D.J. Schwenk is having a hard year. Her father’s injury means that he can no longer take care of all the work on their dairy farm. The massive fight between her father and her two collegiate brothers pretty much guarantees that they will not be coming around to help. Which means that D.J. is the one to whom all of the chores and endless work must fall. During the summer it’s not too horrible … but last year the extra work meant that she had a hard time completing all of her schoolwork. She knows she’s not smart, but failing English was a major blow, perhaps one that she is unwilling to fully acknowledge.
Then, as summer winds to a close, events start to change. D.J.’s family has always been friendly with the rival football coach, despite the fact that the rivalry between the schools – and the part that the older Schwenk brothers played in that rivalry – is intense. So it’s with mixed feelings that they accept the help of the rival quarterback, sent by the coach to both learn a better work ethic and to lend a hand on the overworked Schwenk farm. D.J. in particular is very mixed in her feelings towards Brian, especially when she realizes that she’s expected to train him. He’s everything she is not – popular, rich, smart – and yet he seems attracted to her. And of course, there is that extra complication of wanting to join the boy’s football team…
D.J. is a complex and three-dimensional character. She’s comfortable with who she is, but at the same time wishes she were something more, something bigger. Her realization that she is a “cow”, just doing what is expected of her without ever really thinking about why or what her other options are, will resonate with almost all teen readers. I particularly liked that D.J. was not setting out to be a maverick. She’s not “quirky” or “eccentric”, she doesn’t do incredibly strange things just for kicks or to be the center of attention. If anything, she is mortified when her decision to shake up her own sense of self by joining the football team attracts national attention.
The Schwenk family is not a communicative unit. Family scenes are notable for their silence, for what is not said, and this, too, contributes to a picture of D.J. as a real person. At times she feels stifled by the lack of discussion about important issues – such as the family fight – while at other times she takes comfort in not being forced to constantly air all of her dirty laundry in front of her parents. Brian’s willingness to talk about anything and everything is both refreshing and threatening.
Real girls who are interested in both boys and sports, who worry about their families at the same time they worry about their boyfriends, and who are forced to balance time with friends with time spent on responsibilities vital to the family can, at first glance, be hard to find on the YA shelves. D.J. Schwenk is certainly among the first rank of go-to books for introspective girls who like a little humor with their character development.

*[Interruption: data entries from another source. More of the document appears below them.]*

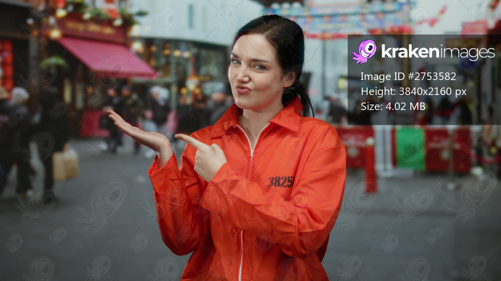 Woman in orange jumpsuit gestures on busy street with an ok sign, showcasing playful confidence amidst the vibrant outdoor city scene.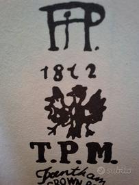 Coppia di antichi piatti in porcellana della manifattura tedesca TPM (Tiefenfurth Porzellan Manufaktur) ora Parowa (Bassa Slesia - Polonia). Sono dipinti a mano con motivi floreali e ornato in rilievo e oro. Diametro cm. 12 Al fondo compare il marchio in blu cobalto TPM sovrastato da un'aquila. Periodo successivo al 1882.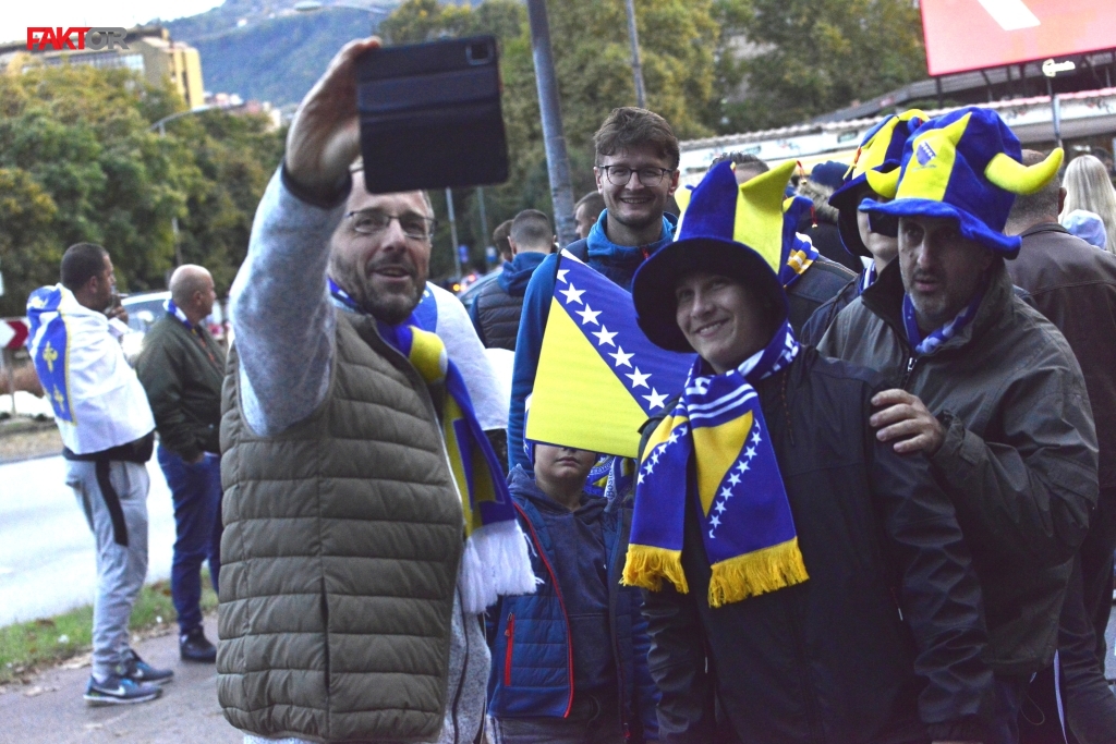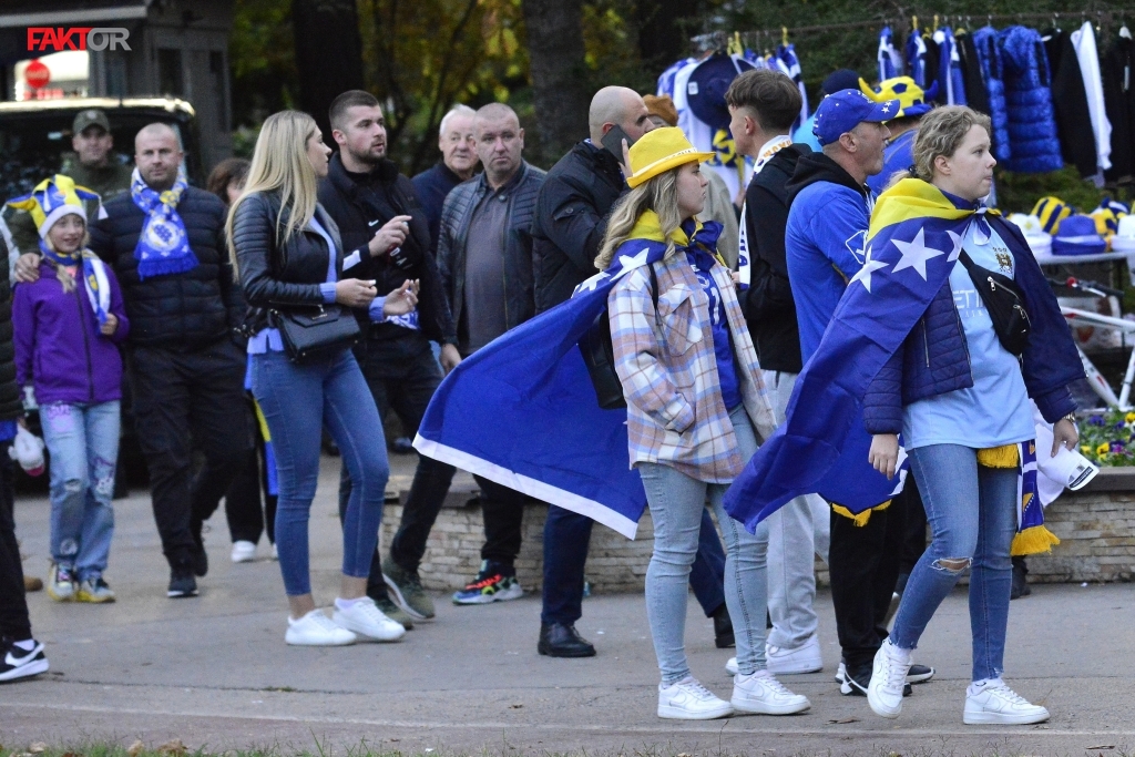 Navijači iz svih dijelova Bosne i Hercegovine i ostatka Evrope stižu u Zenicu, pjesma se čuje od popodnevnih sati, a ulice su obojene u plavo-žute boje.
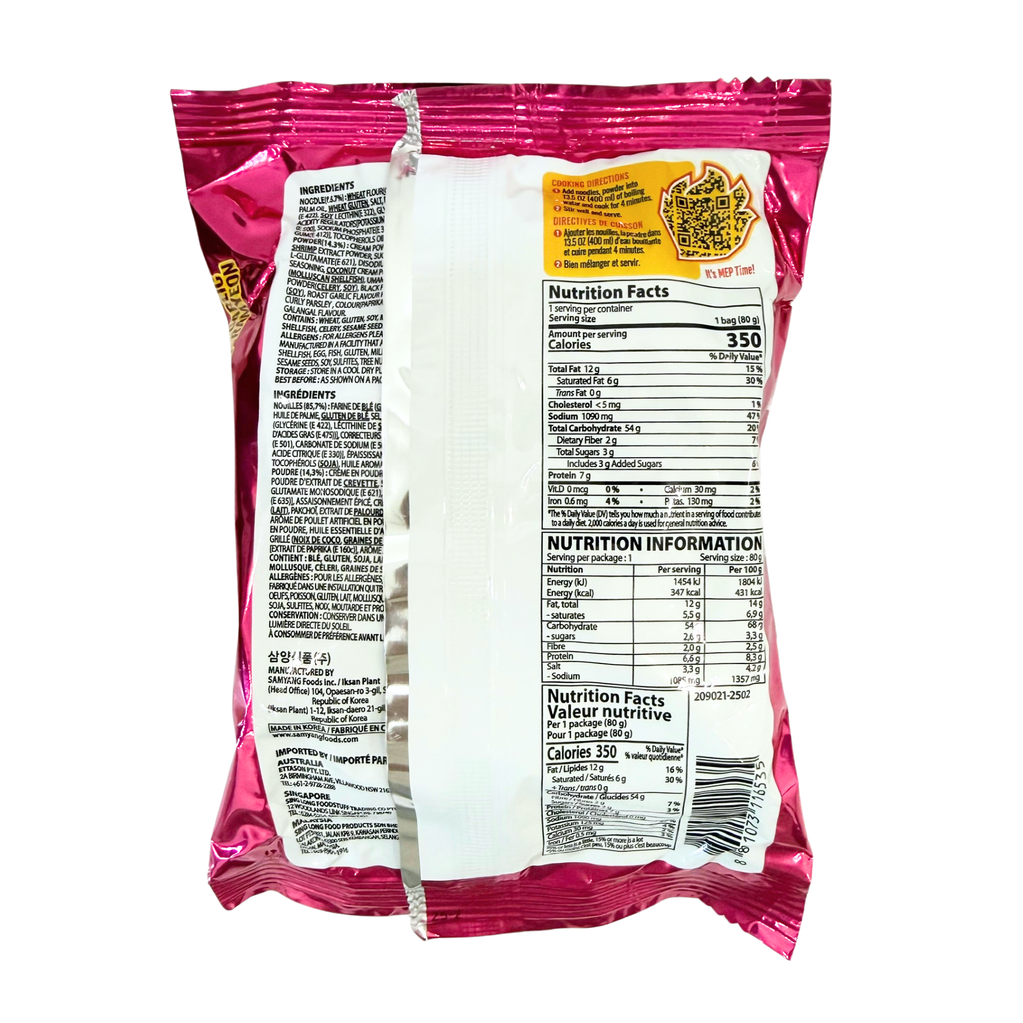 • Gói súp (14,3%): bột kem (sữa, đậu nành), muối, bột tỏi, bột chiết xuất tôm, đường, chất điều vị (mononatri l-glutamat (e 621), dinatri 5’-ribonucleotide (e 635)), gia vị cay, bột kem dừa (sữa), cải thìa, chiết xuất nghêu (nhuyễn thể có vỏ), bột umami, bột hương gà nhân tạo (cần tây, đậu nành), bột tiêu đen, tinh dầu tỏi, rau mùi tây, màu tự nhiên (chiết xuất ớt paprika (e 160c)), hương gà nhân tạo, dừa, mè.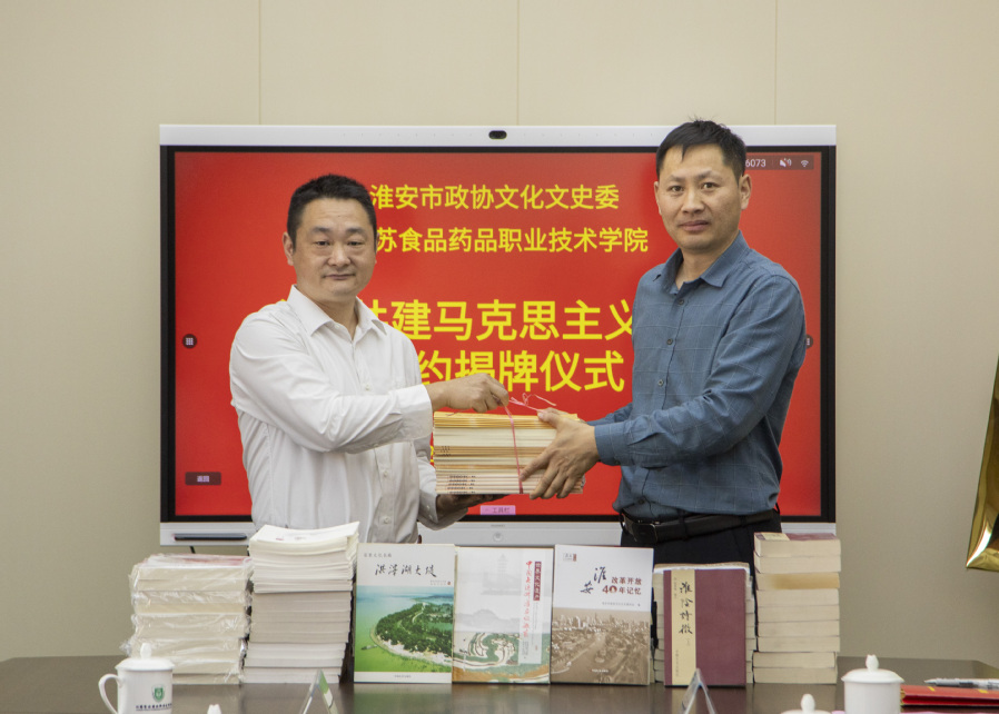 图书馆馆长姜海军代表我校接受市政协文化文史委向我校赠送的《淮安改革开放40年记忆》等淮安文化文史类书籍共计100套,后期,我校将在图书馆设立“政协文史书柜”。

Notes on the cover(s): When it was first released, the cow-wearing-a-tiara cover was the only option. I’m not really sure what they were thinking. If there were anyone LESS likely to wear a tiara, it’s D.J., and while the dairy farm is such a vibrant part of D.J.’s life that it’s almost a separate character, the cow wearing a tiara is just … strange and misleading. The new cover, of D.J. and Brian lying head to head is more generically appealing in a bland sort of way. But it’s misleading in its own way, making the story seem more of a romance than a coming of age story. D.J. and Brian are both very busy people, and they have a complicated relationship. I don’t think either of them spends much time just lying in the grass with the other person.